## What is needed
Set the data down again, exactly as it reads, but without the pictures.
::: Data segment :::
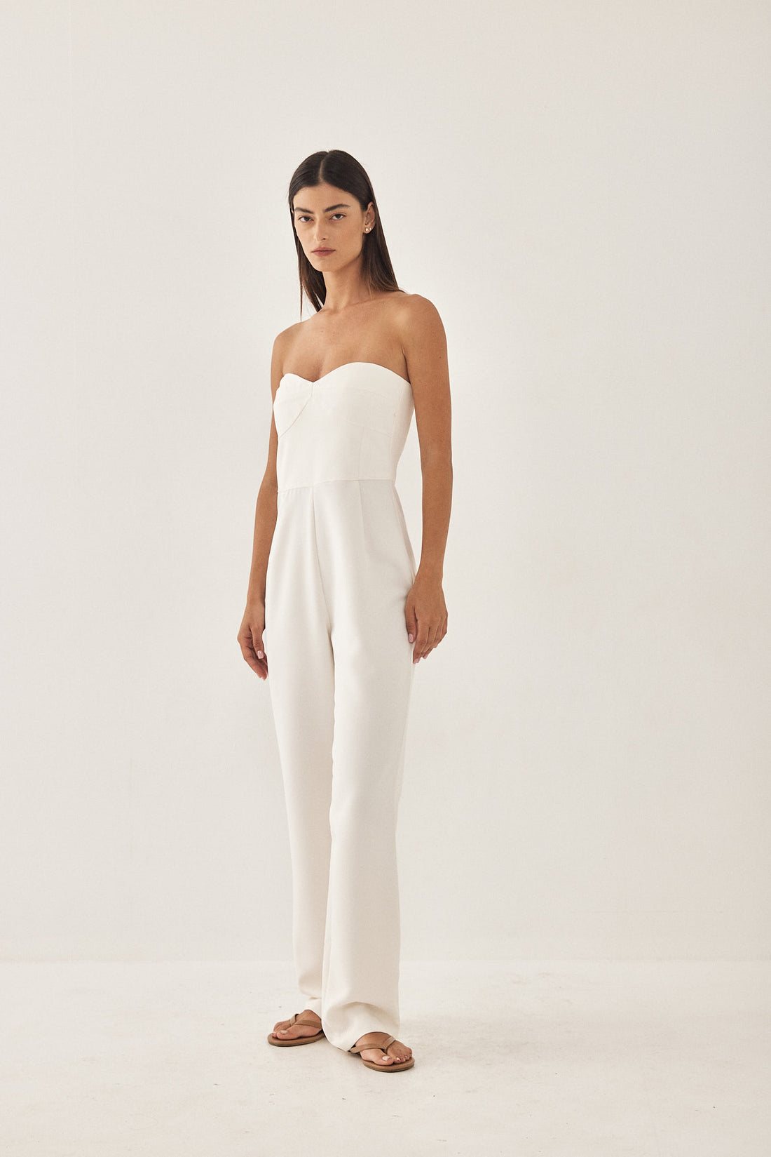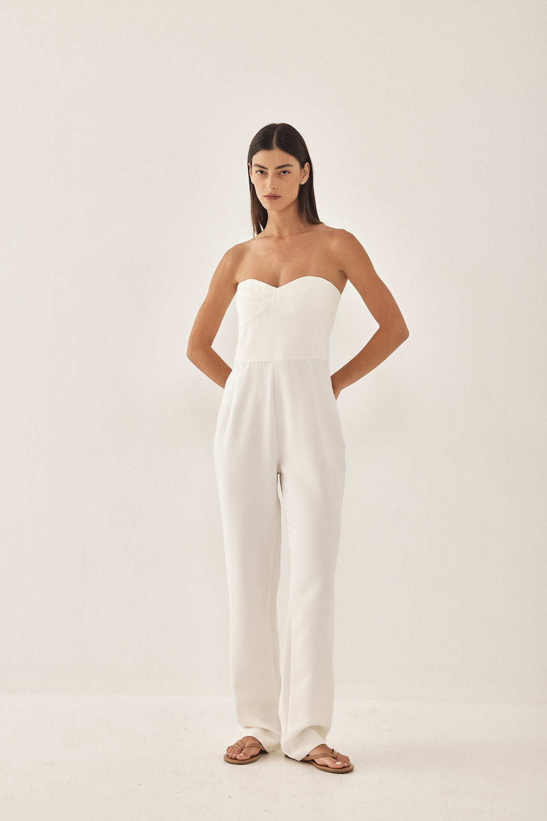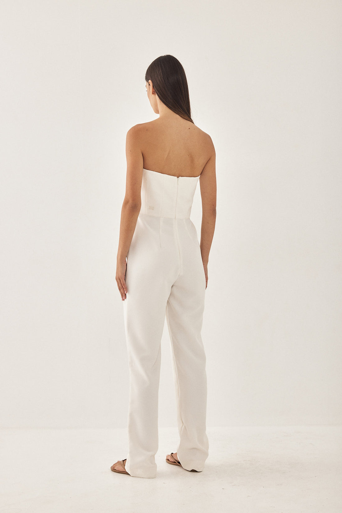 A strapless tailored jumpsuit with a corset fit top. Straight fit full length leg. Featuring a strapless neckline with a silicone strap for a better grip and a hidden zip closure. Featuring wiring at the sides for additional support. Embroidered logo at the back. Style it with a pair of earrings, a shoulder bag and a pair of sandals for the perfect going out look.
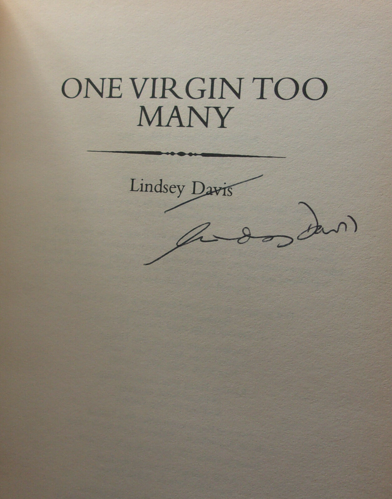 Lindsey Davis ONE VIRGIN TOO MANY First British edition SIGNED DJ Rome Mystery
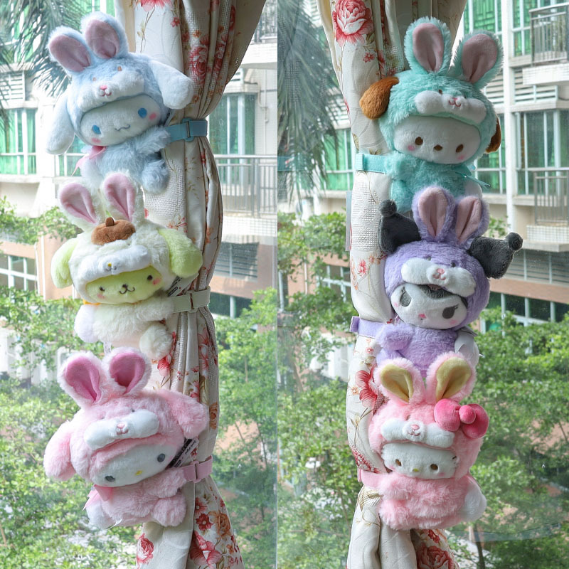 変装ウサギのクロミカーテンはかわいい玉桂犬のパチャ犬のカーテンを掛けて漫画の車の上で人形を飾ります。
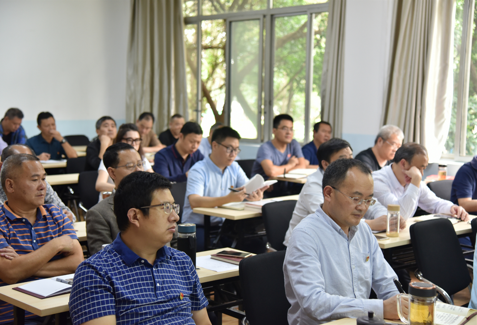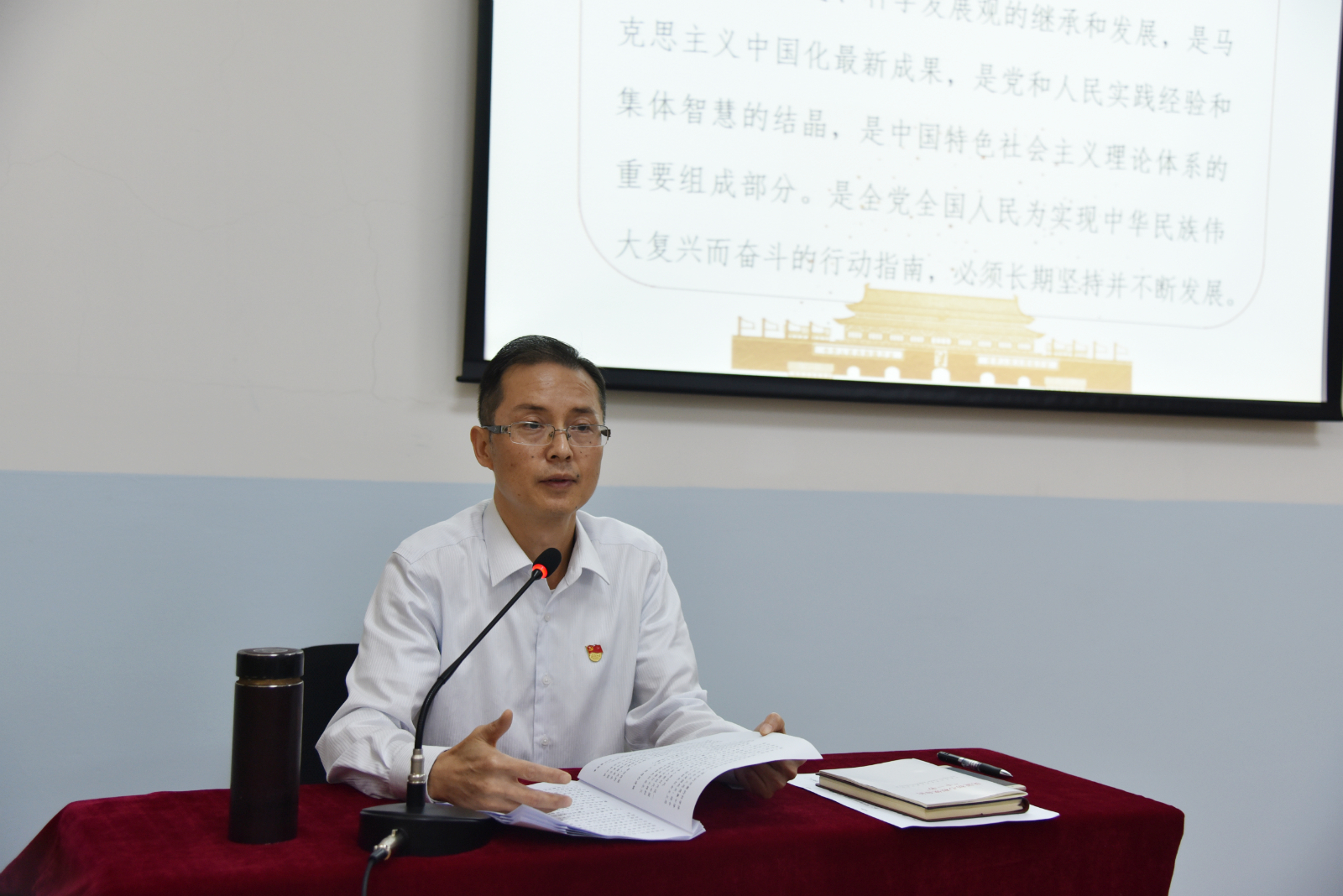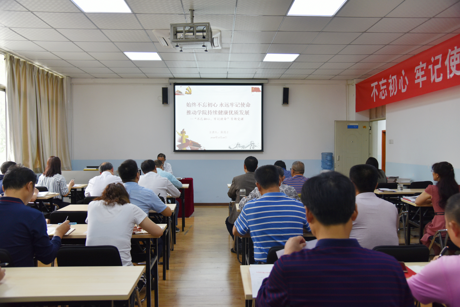 开讲啦!9月28日下午,在学院龙泉校区南楼205教室里,党委书记黄茂才为学院领导及四十多位党员中干带来了一堂别开生面的主题教育党课。
:::
## Response below
 A strapless tailored jumpsuit with a corset fit top. Straight fit full length leg. Featuring a strapless neckline with a silicone strap for a better grip and a hidden zip closure. Featuring wiring at the sides for additional support. Embroidered logo at the back. Style it with a pair of earrings, a shoulder bag and a pair of sandals for the perfect going out look.
 Lindsey Davis ONE VIRGIN TOO MANY First British edition SIGNED DJ Rome Mystery
 変装ウサギのクロミカーテンはかわいい玉桂犬のパチャ犬のカーテンを掛けて漫画の車の上で人形を飾ります。
 开讲啦!9月28日下午,在学院龙泉校区南楼205教室里,党委书记黄茂才为学院领导及四十多位党员中干带来了一堂别开生面的主题教育党课。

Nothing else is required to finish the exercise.